= Task =
Find, in the records below, the line that contains "本田技研工業からは、伝説のF1マシン「マクラーレン・ホンダ MP4/4」" and the line that contains "Una luminosa camera". Copy those two lines and everything between them exactly, but not the pictures.

= Materials provided =

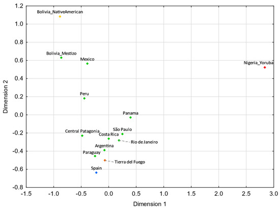 For both MDS plots (Figure 3 and Figure 4) generated from the pairwise genetic distances calculations, most of the admixed populations, including Tierra del Fuego, tend to cluster together and plot near to the Spanish population, evidencing a higher proportion of Eurasian male lineages than Native American and African ones. Furthermore, the male lineages from the admixed Bolivian, Peruvian, and Mexican populations seem to be less affected by the Eurasian gene flow to the Americas, as already addressed in other studies [15,40,97,98], having shorter genetic distances to the native population compared to the other admixed populations under analysis.
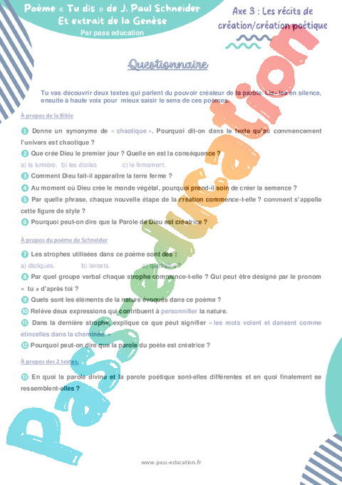 Questionnaire Poésie et création (Extrait de la bible) – 6ème pdf
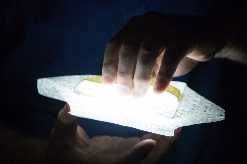 SolarPuff 作为一款新发明的太阳能灯,看起来更像一款可提的小灯笼。由于SolarPuff 的制成材料是高性能的织物,所以本身柔韧性很高,可折叠便于携带。SolarPuff 主要由一个光伏太阳能电板,10 个LED灯和一块锂离子电池构成。作为一款太阳能灯,只要在太阳下充电5个小时,就可以使用5-8 个小时;如果充电8个小时,则可以使用8-12个小时。除此之外,它还具有良好的耐用性、耐水性和可回收性。这就意味着SolarPuff 不仅能够可以禁起多次折叠甚至还能漂浮在水面上。
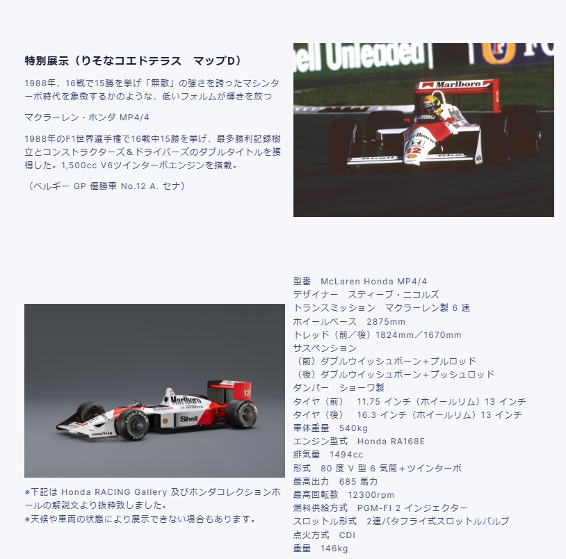 本田技研工業からは、伝説のF1マシン「マクラーレン・ホンダ MP4/4」
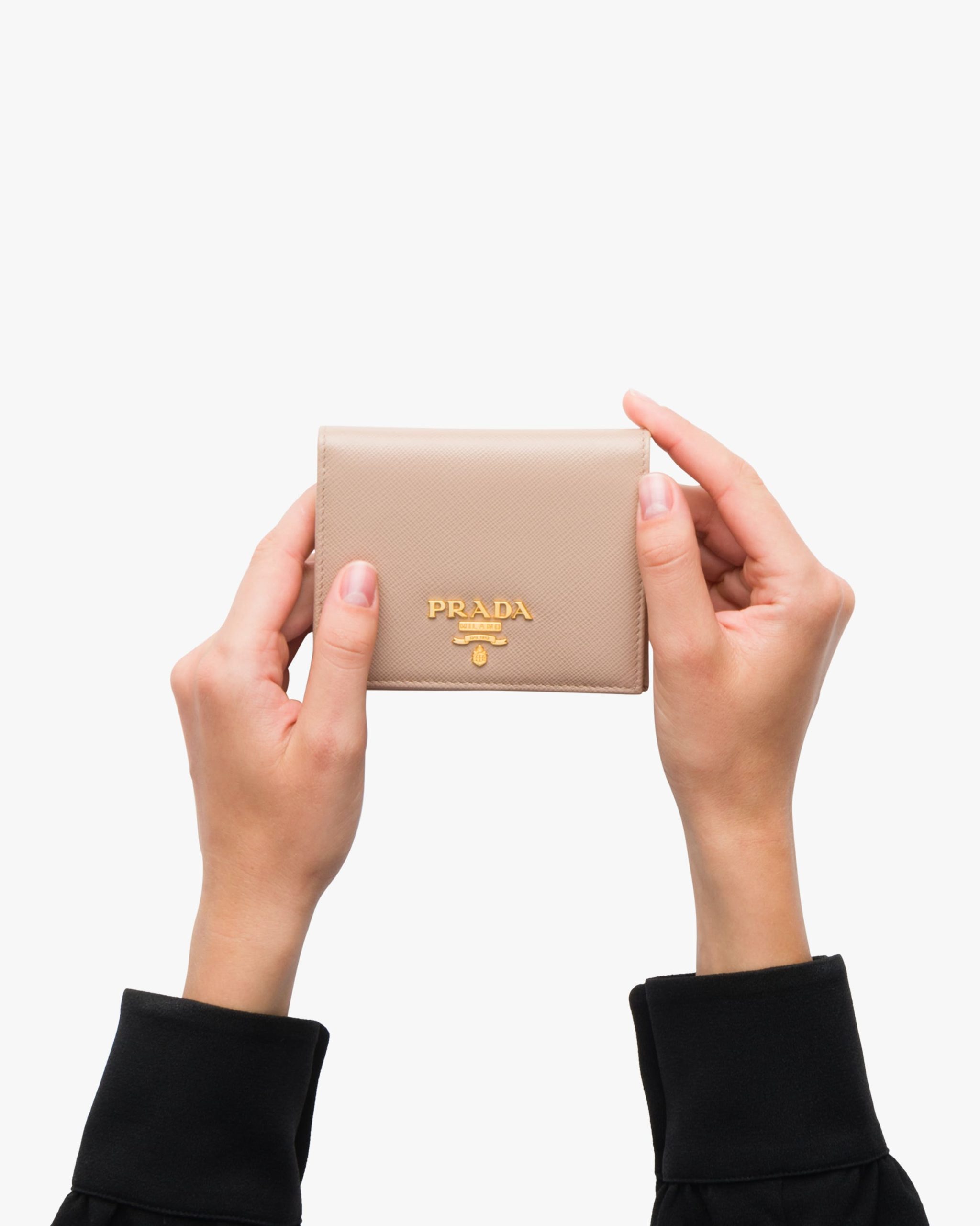 This monochrome wallet in fine Saffiano leather has an elegant minimalist design enhanced by the lustrous gold-tone lettering logo. There are several compartments and pockets inside.
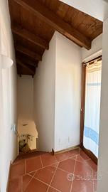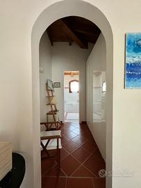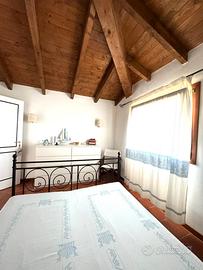 Una luminosa camera matrimoniale climatizzata, arredata con eleganza, dotata di bagno privato con vasca e accesso diretto alla terrazza solarium, ideale per rilassarsi al sole in totale privacy.
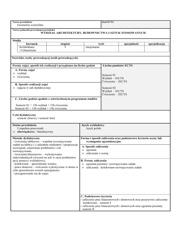 Nazwa przedmiotu Kod ECTS Geometria wykreślna Nazwa jednostki prowadzącej przedmiot WYDZIAŁ ARCHITEKTURY, BUDOWNICTWA I SZTUK STOSOWANYCH Studia kierunek Architektura i Urbanistyka stopień I tryb stacjonarne specjalność specjalizacja Nazwisko osoby prowadzącej (osób prowadzących) Formy zajęć, sposób ich realizacji i przypisana im liczba godzin A. Formy zajęć • wykład, • ćwiczenia, Liczba punktów ECTS Semestr 01 Wykład – 1ECTS Ćwiczenia – 2ECTS B. Sposób realizacji zajęć • zajęcia w sali dydaktycznej Semestr 02 Wykład – 1ECTS Ćwiczenia – 2ECTS C. Liczba godzin zgodnie z zatwierdzonym programem studiów Semestr 01 = 15h wykład + 15h ćwiczenia Semestr 02 = 15h wykład + 15h ćwiczenia Cykl dydaktyczny semestr zimowy i semestr letni Status przedmiotu Uzupełnia pracownik: • obowiązkowy / fakultatywny Język wykładowy Język polski Metody dydaktyczne Forma i sposób zaliczenia oraz podstawowe kryteria oceny lub - ćwiczenia tablicowe – wspólne rozwiązywanie wymagania egzaminacyjne zadań na tablicy ( z udziałem studentów ) propozycja A. Sposób zaliczenia rozwiązań, omawianie problemów i ich • egzamin rozwiązywanie, • zaliczenie z oceną - ćwiczenia klauzurowe – wykonywanie indywidualnych ćwiczeń na sali w razie problemów B. Formy zaliczenia: przy pomocy wykładowcy, - kolokwium – sprawdzenie wiedzy, • egzamin pisemny: rozwiązywanie zadań - prace domowe – ćwiczenia wykonywane w domu w • zaliczenie: kolokwium rozwiązywanie zadań celu sprawdzenia swoich umiejętności i przygotowanie się do zajęć. C. Podstawowe kryteria - zaliczenie prac klauzurowych i domowych oraz pozytywne zaliczenie kolokwium – semestr I - zaliczenie prac klauzurowych i domowych oraz egzamin pisemny semestr II Określenie przedmiotów wprowadzających wraz z wymogami wstępnymi Podstawowe wiadomości z zakresu geometrii euklidesowej, umiejętność sporządzania szkicu odręcznego. Cele przedmiotu Celem przedmiotu jest kształcenie u studentów umiejętności odwzorowywania brył przestrzennych na płaszczyźnie rysunku, przygotowanie geometrycznych podstaw świadomego kształtowania obiektu budowlanego, praktycznego korzystania z odwzorowań powierzchni terenu, nauczanie praktycznych, wykreślnych metod wizualizacji obiektów budowlanych, rozwijanie wyobraźni przestrzennej. Treści programowe wykłady - Niezmienniki rzutu równoległego. Rzut równoległy – aksonometria. - Metoda Monge’a – odwzorowanie i restytucja. Odwzorowanie podstawowych elementów. - Odwzorowanie wielokątów. Rzutnia boczna. - Przynależność elementów. Rzut równoległy. - Elementy wspólne. - Przynależność elementów. - Rzut równoległy ukośny (cienie). - Elementy prostopadłe. Obroty. - Transformacja układu rzutni. - Wielościany. Rozwinięcia wielościanów. - Dachy. Kład połaci dachowych. - Rzuty okręgu i sfery. - Powierzchnie stopnia drugiego. Rozwinięcia. Powierzchnia stożkowa. - Powierzchnie stopnia drugiego. Rozwinięcia. Powierzchnia walcowa. - Rzut cechowany. Odwzorowanie powierzchni terenu. ćwiczenia - Niezmienniki rzutu równoległego. Rzut równoległy – aksonometria. - Metoda Monge’a – odwzorowanie i restytucja. Odwzorowanie podstawowych elementów. - Odwzorowanie wielokątów. Rzutnia boczna. - Przynależność elementów. Rzut równoległy. - Elementy wspólne. - Przynależność elementów. - Rzut równoległy ukośny (cienie). - Elementy prostopadłe. Obroty. - Transformacja układu rzutni. - Wielościany. Rozwinięcia wielościanów. - Dachy. Kład połaci dachowych. - Rzuty okręgu i sfery. - Powierzchnie stopnia drugiego. Rozwinięcia. Powierzchnia stożkowa. - Powierzchnie stopnia drugiego. Rozwinięcia. Powierzchnia walcowa. - Rzut cechowany. Odwzorowanie powierzchni terenu. Wykaz literatury A. Literatura wymagana do ostatecznego zaliczenia zajęć (zdania egzaminu): BŁACH Anna : „Inżynierska geometria wykreślna podstawy i zastosowania”. Wyd. Pol. Śl. Gliwice BŁACH Anna, PAWLAK Anita: „Inżynierska geometria wykreślna – zbiór zadań”. Wyd. Pol. Śl. Gliwice BŁACH Anna, DUDZIK Piotr : „Wybrane definicje i konstrukcje geometryczne. Planimetria i stereometria.”. Wyd. Pol. Śl. Gliwice BOGACZYK Tomasz, ROMASZKIEWICZ – BIAŁAS Teresa : „13 wykładów z geometrii wykreślnej”, Oficyna Wydawnicza Pol. Wrocławskiej”. Oficyna Wydawnicza Pol. Wrocławskiej, Wrocław 2006 GROCHOWSKI Bogusław : „Geometria wykreślna z perspektywą stosowaną”. PWN Warszawa 1995 B. Literatura uzupełniająca JANKOWSKI Wiktor: „Geometria wykreślna”. PWN Warszawa 1971 OTTO Franciszek i Edward: „Podręcznik geometrii wykreślnej”. PWN Warszawa 1994 KANIA Andrzej: „Geometria wykreślna z grafiką inżynierską. Część II – Rzuty Monge’a”. Wyd. Pol. Śl. Gliwice PRZEWŁOCKI Stefan: „Geometria wykreślna w budownictwie”. Arkady 1997 WOJCIECHOWSKI Lech: „Rysunek budowlany” (seria dokumentacja budowlana – db 1)”. WSiP SA 1999 Efekty uczenia się - zna metody potrzebne do pracy z zawodzie inżyniera, - umie korzystać ze zdobytej wiedzy i stosować ją w praktyce, - zna zależności pomiędzy poszczególnymi naukami i potrafi swobodnie je łączyć, - ma świadomość swoich kompetencji oraz stale je podnosi Wiedza 1. Zna metody odwzorowań graficznych elementów przestrzennych stosowanych w praktyce inżynierskiej. 2. Zna związki i zależności wynikające z wzajemnych położeń elementów przestrzennych. 3. Ma uporządkowaną wiedzę w zakresie podstaw logiki, algebry liniowej i geometrii analitycznej, rachunku różniczkowego, całkowego i prawdopodobieństwa oraz ich zastosowań. Umiejętności 1. Umie odczytać rysunki architektoniczne, budowlane i geodezyjne oraz potrafi sporządzić dokumentację graficzną w środowisku wybranych programów CAD. 2. Potrafi przeprowadzić analizę geometryczną obiektów budowlanych na podstawie dokumentacji rysunkowej. 3. Potrafi rozwiązywać zada
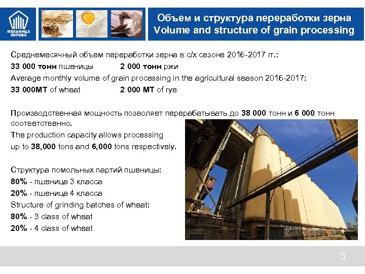 Объем и структура переработки зерна Volume and structure of grain processing Среднемесячный объем переработки зерна в с/х сезоне 2016 -2017 гг. : 33 000 тонн пшеницы 2 000 тонн ржи Average monthly volume of grain processing in the agricultural season 2016 -2017: 33 000 MT of wheat 2 000 MT of rye Производственная мощность позволяет перерабатывать до 38 000 тонн и 6 000 тонн соответственно. The production capacity allows processing up to 38, 000 tons and 6, 000 tons respectively. Структура помольных партий пшеницы: 80% - пшеница 3 класса 20% - пшеница 4 класса Structure of grinding batches of wheat: 80% - 3 class of wheat 20% - 4 class of wheat 3

= Result =
 本田技研工業からは、伝説のF1マシン「マクラーレン・ホンダ MP4/4」
 This monochrome wallet in fine Saffiano leather has an elegant minimalist design enhanced by the lustrous gold-tone lettering logo. There are several compartments and pockets inside.
 Una luminosa camera matrimoniale climatizzata, arredata con eleganza, dotata di bagno privato con vasca e accesso diretto alla terrazza solarium, ideale per rilassarsi al sole in totale privacy.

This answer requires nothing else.